Пришел священник, тот же, что и причащал его, и прочел заупокойную молитву. Шагая вокруг покойника и размахивая кадилом, он бормотал нараспев какие-то непонятные слова, которых никто не слушал, и тем более сам Матей Матов. Вопрос — есть ли бог — был теперь уже излишним и бессмысленным. Есть он или нет, от этого ему не будет ни тепло, ни холодно. Достоверно было одно: его самого уже нет, и это непоправимо.
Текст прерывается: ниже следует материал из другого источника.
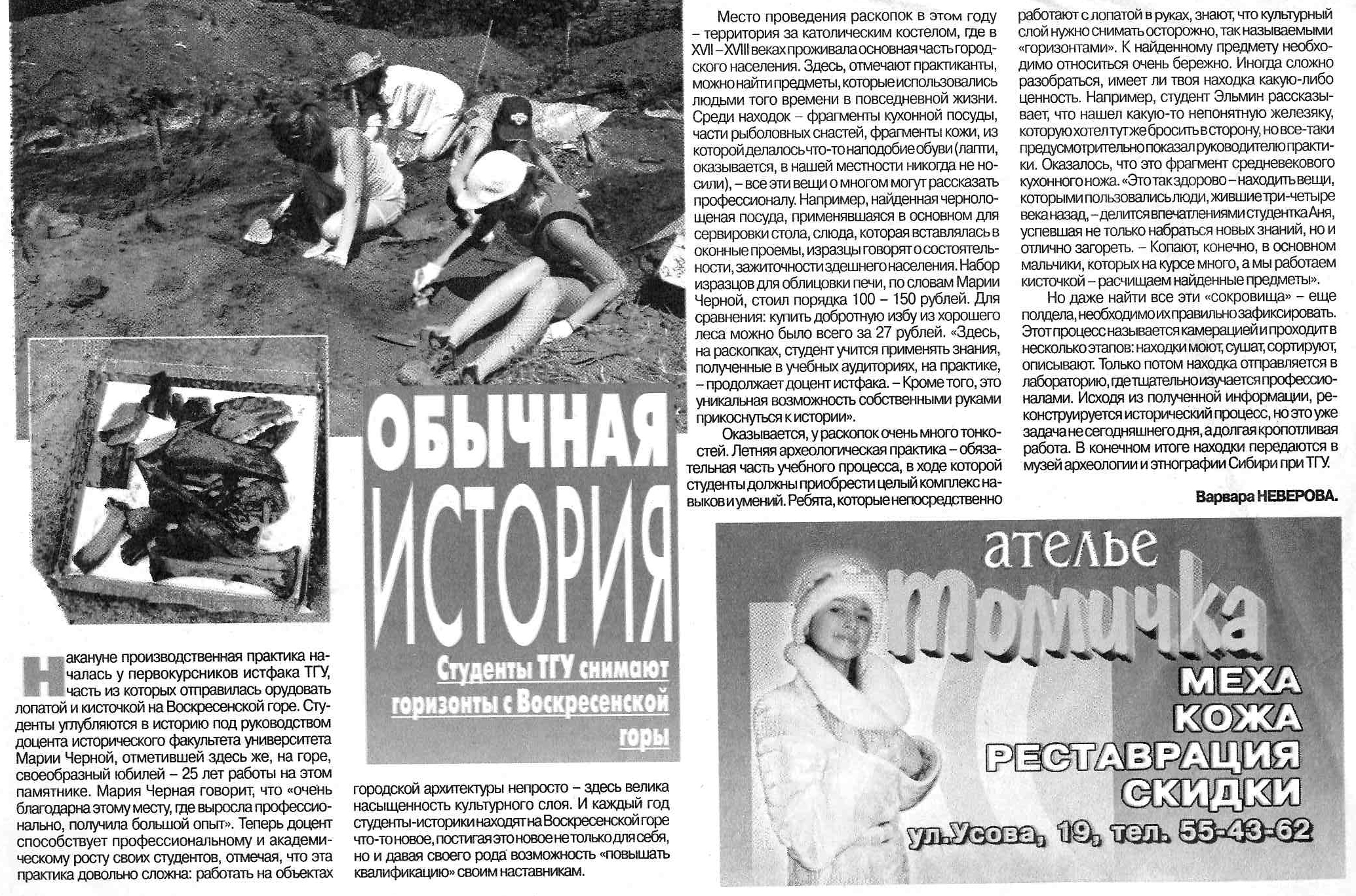— Русской археологии в Томске тогда не было вообще. Я была последней, кому предложили — но чуйка сработала, и я согласилась, хотя тоже специализировалась на аборигенной археологии, — рассказала Мария Чёрная. — У меня к тому времени уже был некоторый опыт — и работы писала, и в экспедициях была. В итоге, я еще не закончила университет, а меня уже приняли на работу.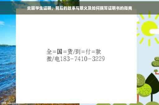 摘要:贫困学生证明是一份重要的证明书,背后蕴含着深刻的故事和意义。这份证明书的撰写不仅关系到学生的资助申请,更是对他们家庭经济状况的真实反映。了解如何正确书写贫困学生证明,有助于学生顺利获得资助,改变命运。本文将介绍贫困学生证明的意义、书写要点及相关注意事项,为需要帮助的学生提供指导。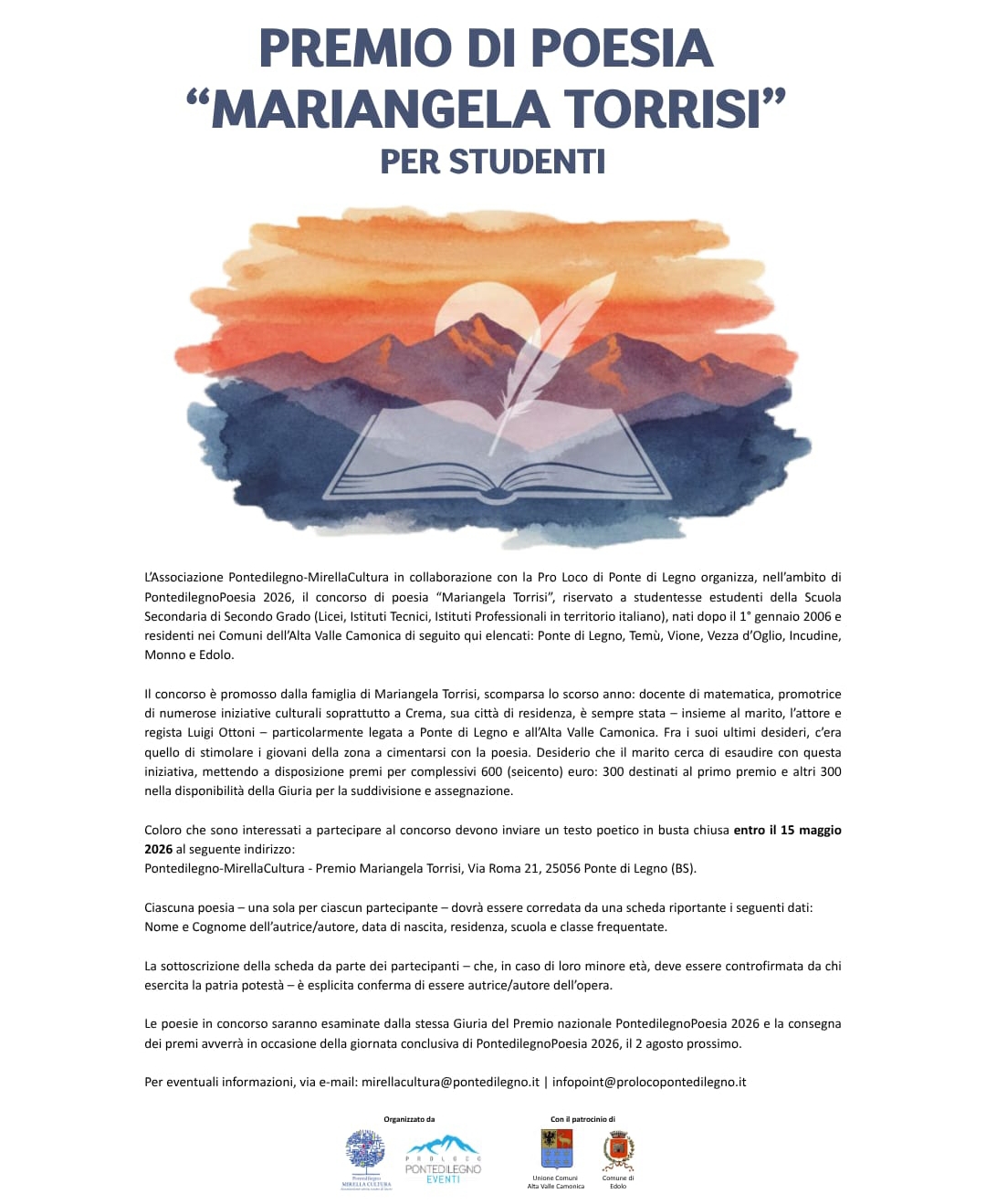 Premio di poesia per studenti "Mariangela Torrisi" dell'associazione Ponte di legno Mirella cultura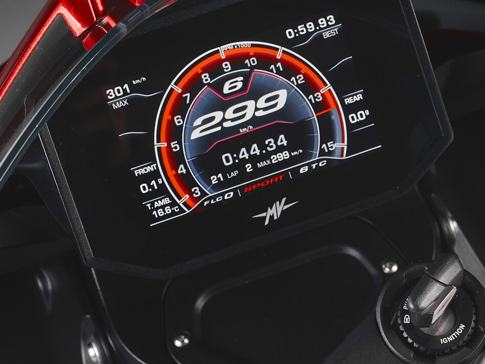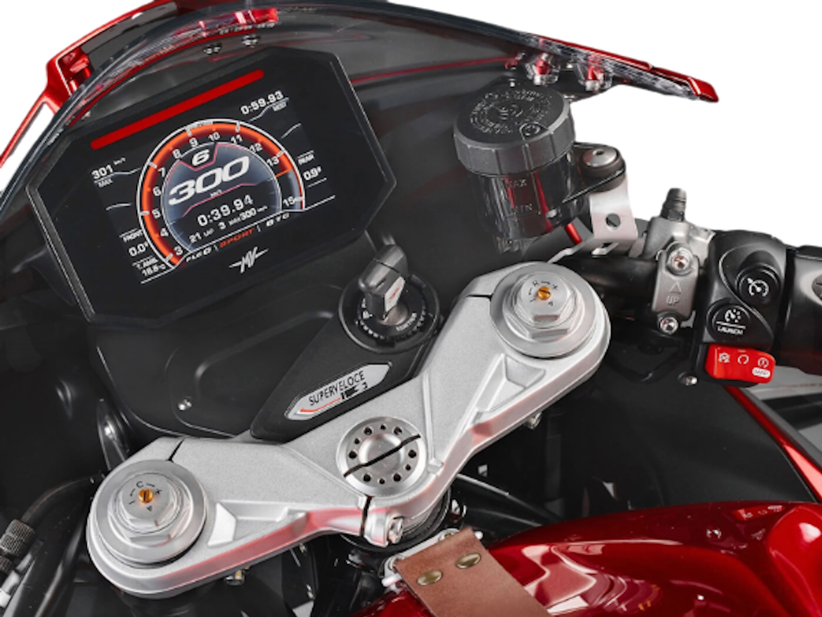 Titanium components: Intake and exhaust valves; Exclusive content: Dashboard TFT 5.5” color display - Cruise control Launch control - FLC (Front Lift Control) Bluetooth - GPS - MV Ride App for navigation mirroring, app-controlled engine, rider aids setup - Fuel Cap (with leather strap) - Alcantara rider and passanger seat - Advanced connectivity device “DC2 Connect”, integrated anti-theft system with geolocation - Certificate of authenticity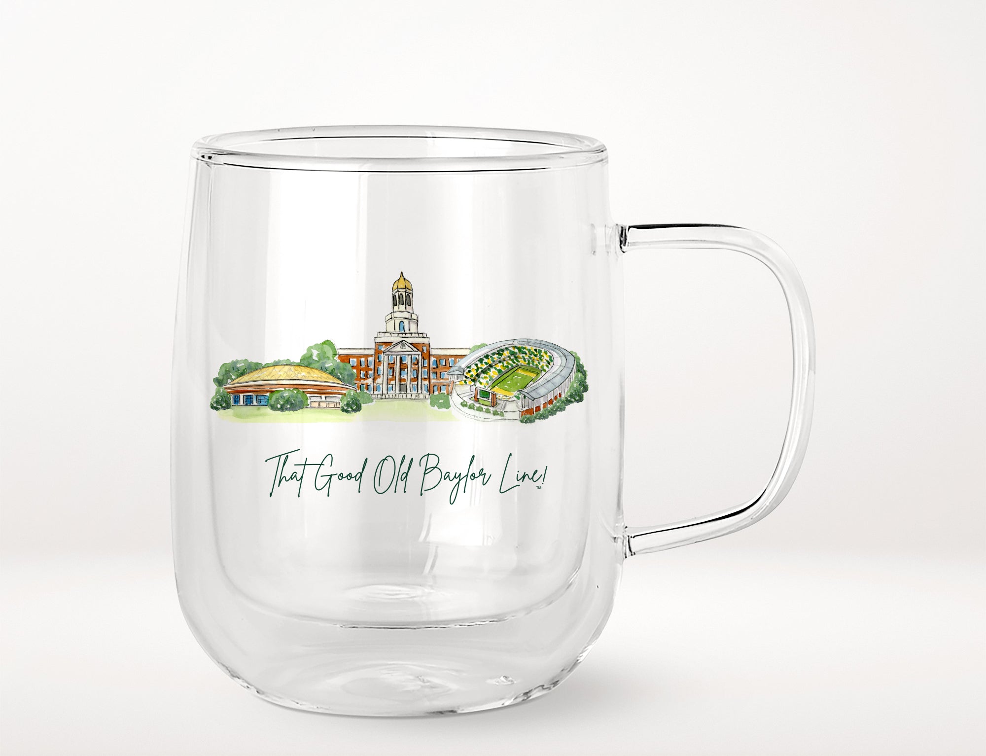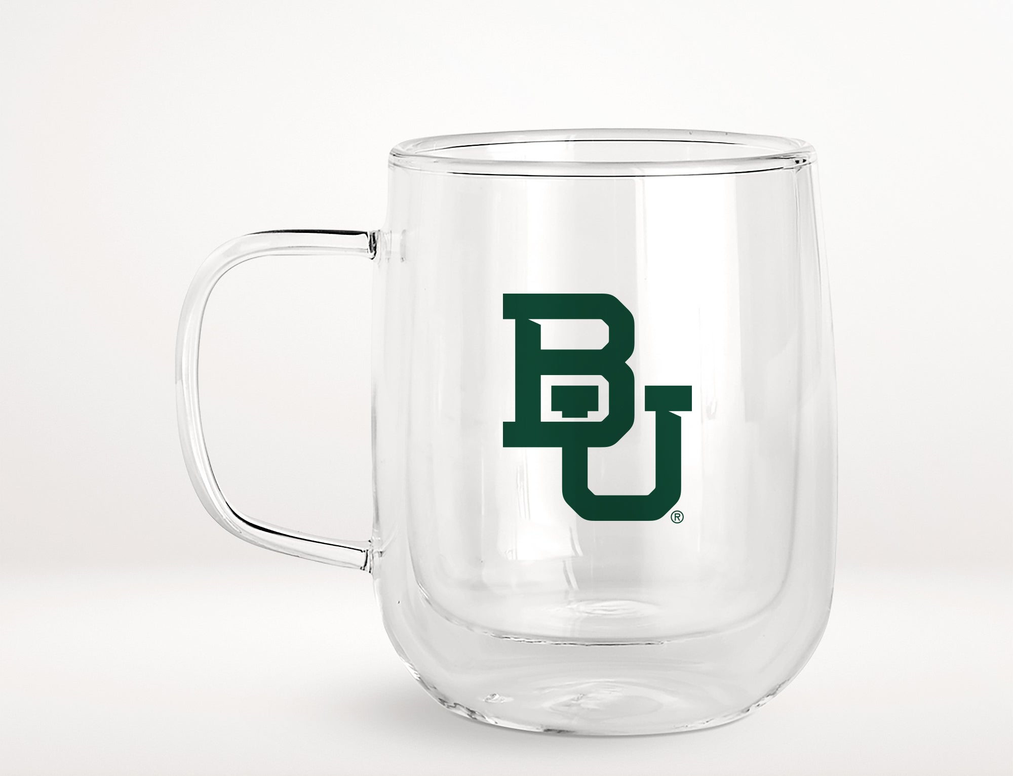 Show your University of Baylor spirit with this officially licensed 16 oz glass mug. Made from durable glass, it features a bold, long-lasting logo. The sturdy handle ensures a comfortable grip, perfect for hot or cold drinks. Ideal for home, office, or game day—sip in style and cheer on your team!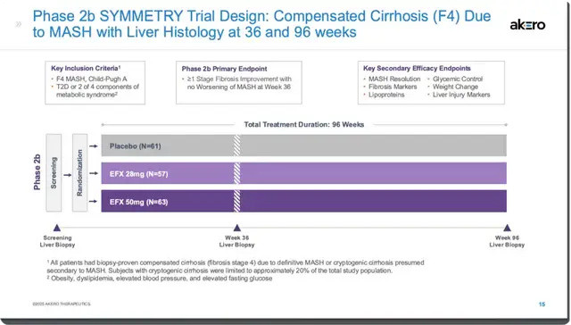 AKRO的公司公告中特意强调了一点:SYMMETRY研究显示,从第36周到第96周,50毫克组的效果增加了一倍多(从10%增加到24%),强调了更长时间EFX治疗对于代偿性肝硬化(F4)患者的益处。当然,笔者在参阅其2023年10月份公告的时候是没有看到10%这个数字的(可能是别的标准统计的百分比数字),此外,如图所示,其在PPT中还展现了肝纤维化改善上从24周到96周所翻倍的疗效。我想这可以视之为该临床试验超预期的原因之一:36周未到平台期,实现了巨大的突破。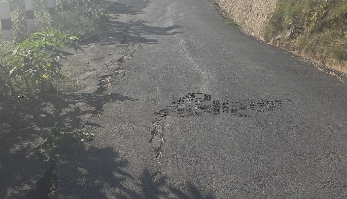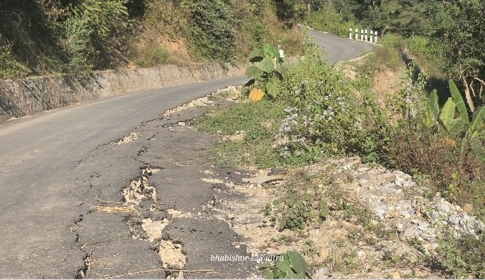 प्रदेश सरकारको झण्डै ५ करोड लगानीमा २०८२ असार महिनामा घामपानीको बेवास्ता गर्दै द्रुत गतिमा निर्माण सम्पन्न गरिएको सडक महिना महिना दिन नबित्दै ठाउँ-ठाउँमा चिरा परी कालोपत्रे सहित भित्री तह समेत खस्केर झण्डै एक फुट भन्दा तल भासिएको छ ।

Тетя Дора взяла все заботы на себя. Она старалась придать грусть своей улыбке, но это ей не удавалось. Все-таки Йовке без него будет хуже. Как-никак он получал пенсию, жалованье как преподаватель гимнастики, писал разные там полезные книжки, — в доме были деньги, хватало на квартиру, на пропитание и даже на одежду. А теперь? Бедная Йовка не умела ни шить, ни писать, ничего не умела делать. Старшая дочь студентка — вот и ей придется бросить ученье, поступить на службу; вообще будущее представлялось мрачным.

Может быть, сестры потому так и жалели Йовку, что понимали, как она беспомощна. Сама она еще не сознавала большого перелома, наступившего в ее жизни. Чувствовала только, что здесь остается жизнь с ее добром и злом, с раздорами и грубостями, а она переходит туда, на другой берег, где необычайно тихо, безлюдно и холодно.

Одни из дальних родственников — тетки и сваты, с которыми она виделась раз в год по обещанию, — готовили на кухне кутью. Другие хлопотали около покойника, словно их обязанностью было являться именно в такие моменты.